Competitive Exclusion and Coexistence of Species with Complex Life Cycles

Abstract

Complex life cycles are life histories in which abrupt ontogenetic transformations and niche shifts occur at the transition between stages. The effects of this niche differentiation between stages on coexistence between species are investigated using a simple discrete model of two-stage populations. The model incorporates exploitation competition for limiting resources within stages, between stages, and between species. While species with simple life cycles can never coexist at equilibrium, stable coexistence is shown to be possible between species with complex life cycles provided that (1) one species is more efficient in resource utilization at low resource abundance in the larval stage while the other is more efficient at low resource abundance in the adult stage; and (2) each species is mainly limited by that stage which is less efficient at low resource abundance.
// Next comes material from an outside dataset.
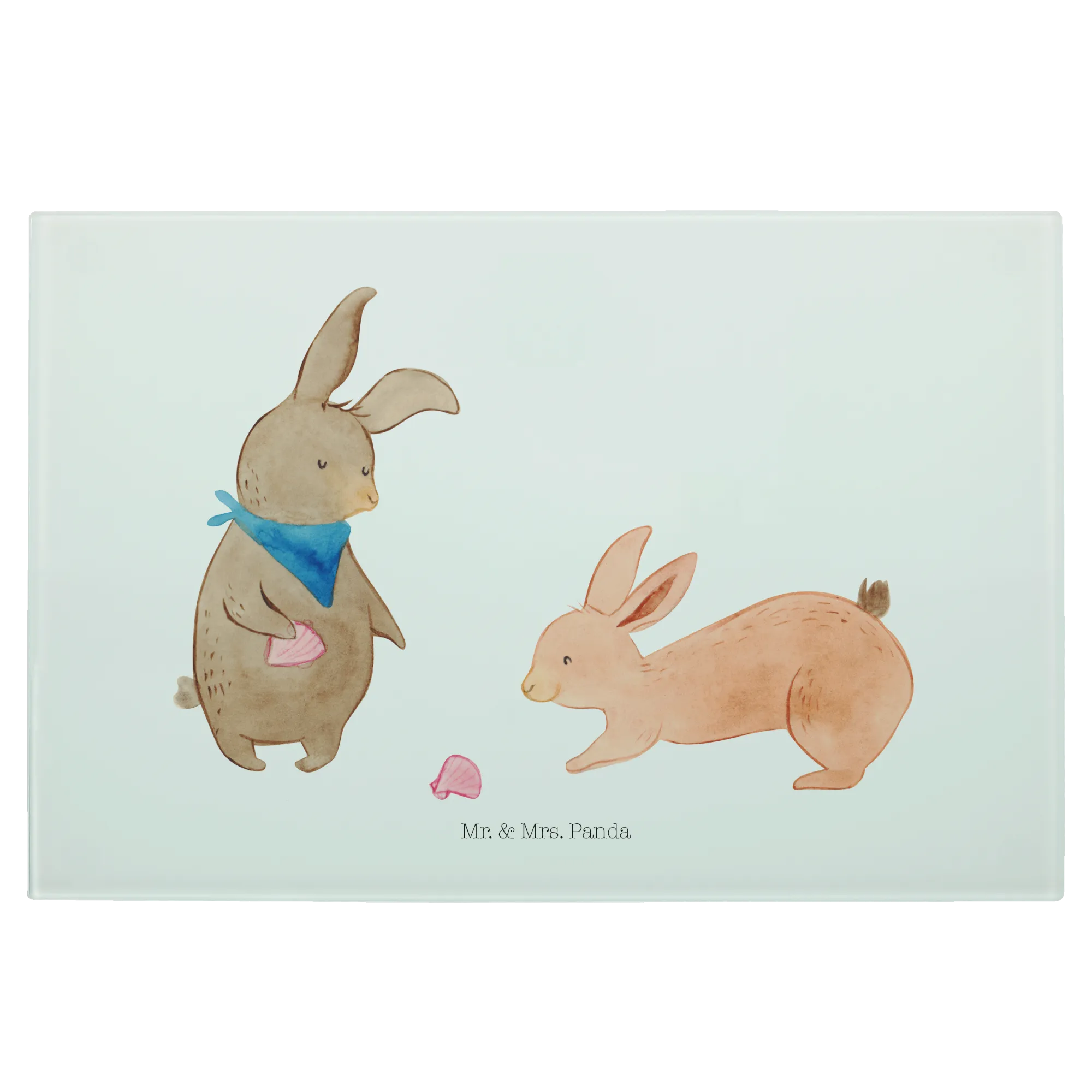 Das Medium Glas Schneidbrett mit dem zauberhaften Motiv "Hasen Muschel" von Mr. & Mrs. Panda ist das perfekte Geschenk für deine Liebsten! Es bringt eine ganz besondere Note in die Küche und sorgt dafür, dass das Zubereiten von Speisen zu einem echten Erlebnis wird. Die liebevoll gestaltete Illustration zeigt zwei stilisierte Hasen, die zusammen Muscheln sammeln, und strahlt eine harmonische, freundliche Atmosphäre aus.

Stable coexistence is somewhat easier between a species with a simple life cycle and one with a complex life cycle. It requires that (1) the species with the simple life cycle should not be decidedly more efficient than that with the complex life cycle in utilizing the resource on which it lives; and (2) the main resource limitation for the species with a complex life cycle should occur in that stage which escapes competition with the species with a simple life cycle. Lastly, a complex life cycle can offer a decisive competitive superiority over a simple life cycle in interspecific competition, which suggests that competition can be a driving force of the evolution of complex life cycles.